A weblog by Will Fitzgerald

Monthly Archives: February 2011

What is missing? Watson, AI and search technology

All geekdom, and much that is outside our realm, is abuzz with news and discussion of the contest by IBM’s Jeopardy-playing computer, Watson, vs Ken Jennings and Brad Rutter. In last night’s game (the second half of a game started on Monday, Watson won decisively, answering many, many more questions than Jennings and Rutter combined. At the end of the first half, Rutter and Watson were tied. Lots of famous (and formerly famous) artificial intelligence researchers have weighed in on what this means for AI. I want to discuss one small point which highlights the difference between human intelligence in question answering and computerized question answering.

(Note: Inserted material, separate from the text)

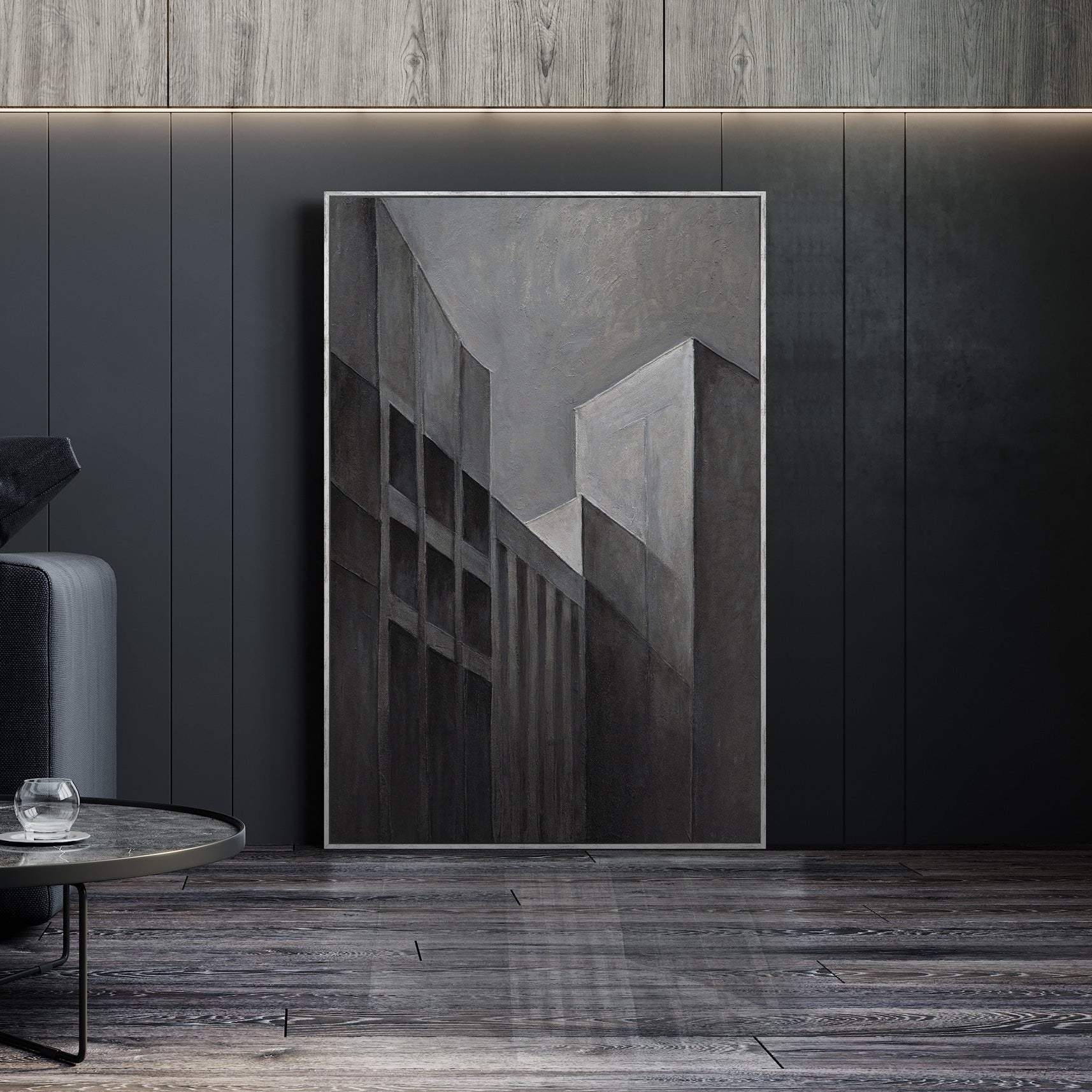 Das handgemalte Acrylbild auf Leinwand überzeugt durch seine ruhige, minimalistische Ausstrahlung und ist perfekt für moderne, industrielle oder minimalistische Räume geeignet. 100 % handgemalt in Deutschland, mit hochwertiger Strukturtechnik gefertigt, sicher verpackt und versandkostenfrei geliefert – Architektur und Kunst in perfekter Harmonie.

In Monday’s show, one of the Jeopardy “answers” was, “It was the anatomical oddity of U.S. gymnast George Eyser, who won a gold medal on the parallel bars in 1904.” The correct answer was something like, “What is a missing leg?” Apparently, the play sequence went like this: Ken Jennings buzzed in with “What is a missing hand?” Watson then buzzed in with “What is a leg?” This was first deemed correct by Alex Trebek, the host, but this judgment was reversed by the judges on review. I didn’t see the show (a Valentine’s Day dinner took precedent), but apparently the TV show edited out Trebek’s original decision. Because of the reversal, Watson was unable to give a “more specific answer,” and Rutter was unable to buzz in on Watson’s error.

It seems that Trebek was treating Watson’s answer as if a human had given it: If a human had said “What is a leg?” as a follow-up to the wrong question, “What is a missing hand?” it would make sense to treat this as having the same intention as “What is a missing leg?” But Watson doesn’t know what the other contestants are saying, and so it actually had no such context in which to give its answer. I think it is plausible that Trebek would have awarded Watson a correct answer if Watson had given its answer without the context Jennings’s question (or, perhaps, would have asked Watson to give a more specific answer), given the “anatomical oddity” context of the question.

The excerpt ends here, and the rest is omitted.